The term appears on shampoo bottles, cream tubes and make-up jars: “dermatologically tested”. Also other designations such as “clinically tested” or “tested for harmful substances” often lead to the assumption that the product is safe for sensitive people. But the term “dermatologically tested” initially only says that the product was tested in the presence of a dermatologist – but nothing about the testing procedure, the independence of the testers or the scientific recording of the tests.
Strict self-monitoring
Of course, “dermatologically tested” is not just wastepaper. On the contrary, established manufacturers and pharmaceutical producers subject their products to the most stringent testing at all stages of development. This includes the scientifically based design of the test arrangement, the documentation as well as the exact and traceable test itself. Test series with patients are carried out at university skin clinics.
Test series in several test centers and under the supervision of different dermatologists help to compensate for any country-specific differences. Many pharmaceutical companies have their own ethics committees that deal with the development of tests, the scientific conduct of the tests and even the development of equipment for these tests. At the same time, hardly any tests are performed on animals. Numerous dermatological tests are performed on skin cells in the reagent glass.
Monitoring guidelines for the manufacturing process
Meanwhile, there are several so-called GMP guidelines for the entire European area. GMP is the abbreviation for “Good Manufacturing Practice”. Within this regulation, the production of active ingredients is also regulated worldwide.
If an active ingredient is to be manufactured or used for a drug product, it should be manufactured in accordance with these guidelines. The guideline specifies requirements for personnel, quality management, packaging and labeling, storage and distribution, and distributors. However, there is currently no applicable regulation for monitoring active ingredient manufacturers in Europe, so compliance with this directive is largely voluntary.

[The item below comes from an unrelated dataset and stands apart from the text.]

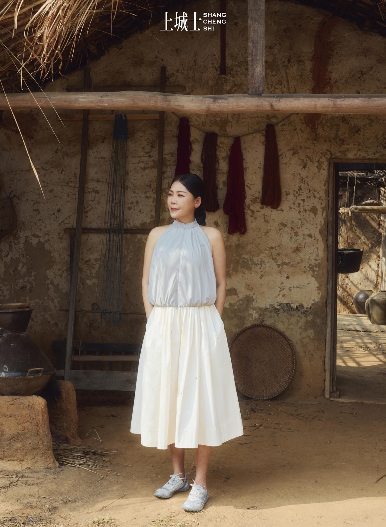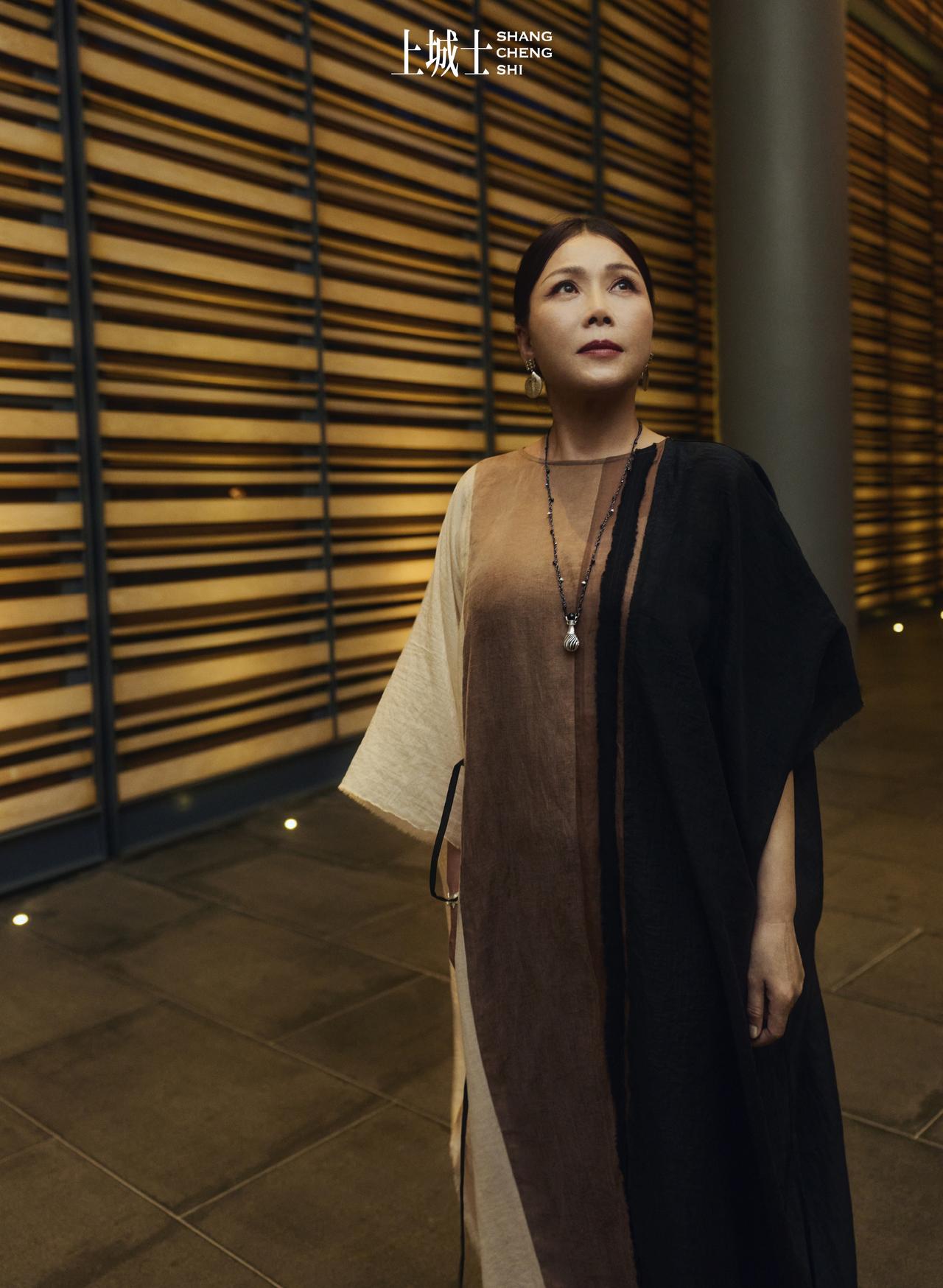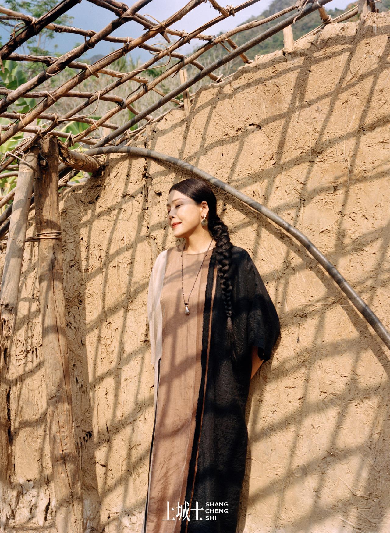 歌坛大佬田震时尚大片释出,田震她身着的服装风格与海南黎锦服装的特点相符,黎锦服装常以独特的设计和精致工艺展现文化底蕴,这件服装的色彩搭配与材质运用也体现出对传统文化的诠释。 她的表情沉静且略带思索感,眼神望向远方,似乎在沉浸于某种思绪或对周遭环境有着深刻的感知。从她的神态推测,她的内心或许正被一种宁静且带有文化浸润的情绪所包裹,仿佛在与自身的艺术气质和文化传承进行着无声的对话,既有着对过往艺术生涯的沉淀回味,也有着对当下这份承载文化的服饰所带来的独特体验的感悟,整体氛围传递出一种优雅且富有内涵的心境,仿佛在这一方空间里,她正以一种从容的姿态,与自己的艺术灵魂和文化根源紧紧相连。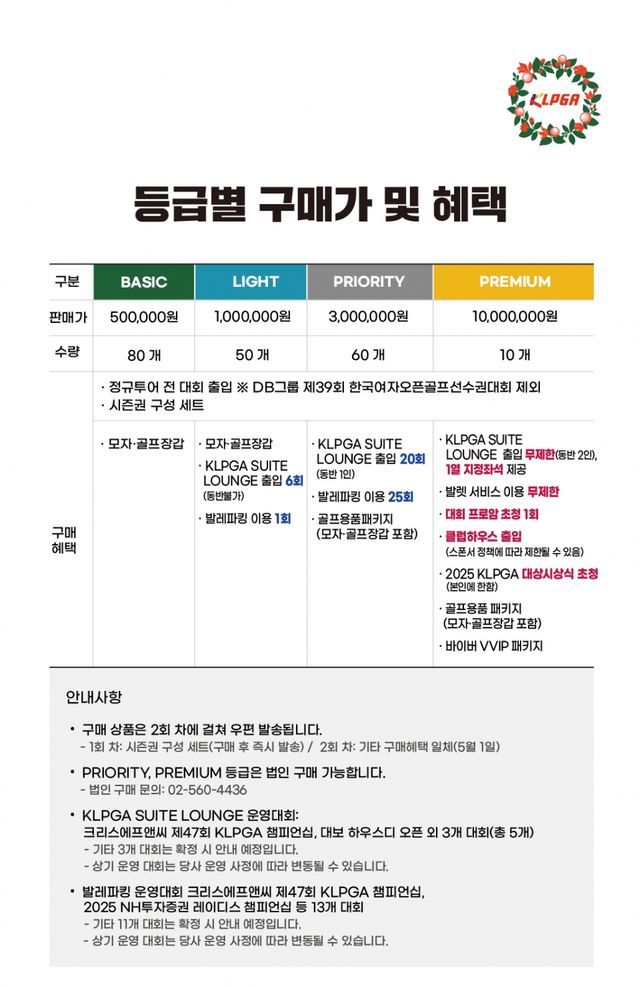 2025 KLPGA투어 시즌권은 올해 추가된 베이직(BASIC) 등급을 포함해 라이트(LIGHT), 프라이어러티(PRIORITY), 프리미엄(PREMIUM) 등 총 4개 등급으로 판매해 골프 팬들이 조건에 맞게 선택할 수 있다.

Ingredients must be labeled
The labeling of ingredients themselves is determined by EU directives, which are intended to provide greater clarity for consumers when purchasing cosmetics. All ingredients are labeled with so-called INCI numbers. The “International Nomenclature of Cosmetic Ingredients” (INCI) has brought about a standardization of terms throughout Europe.

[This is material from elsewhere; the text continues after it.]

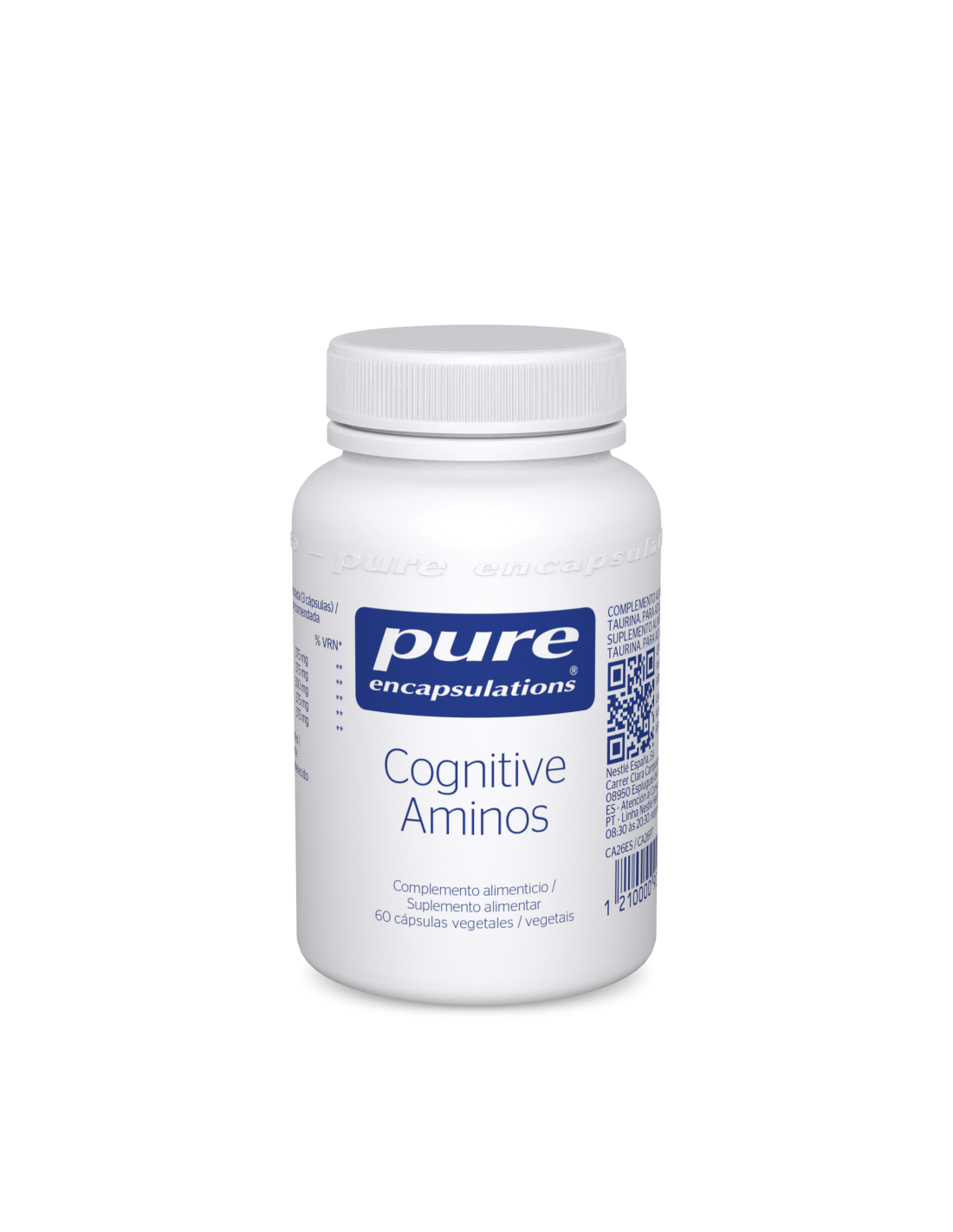 Cognitive Aminos 60cap de Pure Encapsulations es un suplemento nutricional para adultos que apoya la función cerebral mediante aminoácidos esenciales formulados para contribuir al bienestar cognitivo.

So if you buy your makeup in France, you can identify colorants, for example, by their INCI number. Although deciphering the numbers still remains complicated enough for the layman, this regulation is particularly important for allergy sufferers.
Risk assessment through labeling
Dermatologists and dermatology clinics track allergy cases very closely. If a substance stands out because of increased allergy incidence, it is closely examined. Many cosmetic dyes are included in the so-called Blue List, which contains a total of four allergy classifications. The numbers 0-4 indicate whether and how frequently allergic reactions have occurred. This classification is assigned to the individual substances with their INCI numbers.

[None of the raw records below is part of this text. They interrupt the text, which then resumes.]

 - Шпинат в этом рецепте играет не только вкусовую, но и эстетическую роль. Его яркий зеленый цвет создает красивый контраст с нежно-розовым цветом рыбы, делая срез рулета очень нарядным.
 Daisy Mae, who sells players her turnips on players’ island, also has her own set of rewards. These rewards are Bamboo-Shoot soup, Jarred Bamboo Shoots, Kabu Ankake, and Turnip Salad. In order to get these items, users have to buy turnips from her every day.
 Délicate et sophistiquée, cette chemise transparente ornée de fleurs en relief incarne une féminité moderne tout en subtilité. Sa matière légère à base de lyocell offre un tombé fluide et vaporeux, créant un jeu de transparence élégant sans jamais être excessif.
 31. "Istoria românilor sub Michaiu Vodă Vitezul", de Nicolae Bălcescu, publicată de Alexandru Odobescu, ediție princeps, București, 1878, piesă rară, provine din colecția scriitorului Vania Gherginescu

The dye CI 40 800, for example, is beta-carotene, the orange dye from the carrot. Its allergy class is 0: allergies are therefore unknown or extremely rare. This makes it easy to determine whether a particular dye carries a higher allergy risk than another. Allergy sufferers should therefore have the corresponding INCI numbers entered in their allergy passport.
Anyone who wants to know exactly what is behind the term “dermatologically tested” on their shampoo bottle should contact the manufacturer and ask for proof. If this request is refused, it may be worth calling the consumer advice center. One should refrain from buying dermatological products at the door: Even if they are offered as particularly inexpensive natural products, one usually learns little about ingredients and test methods.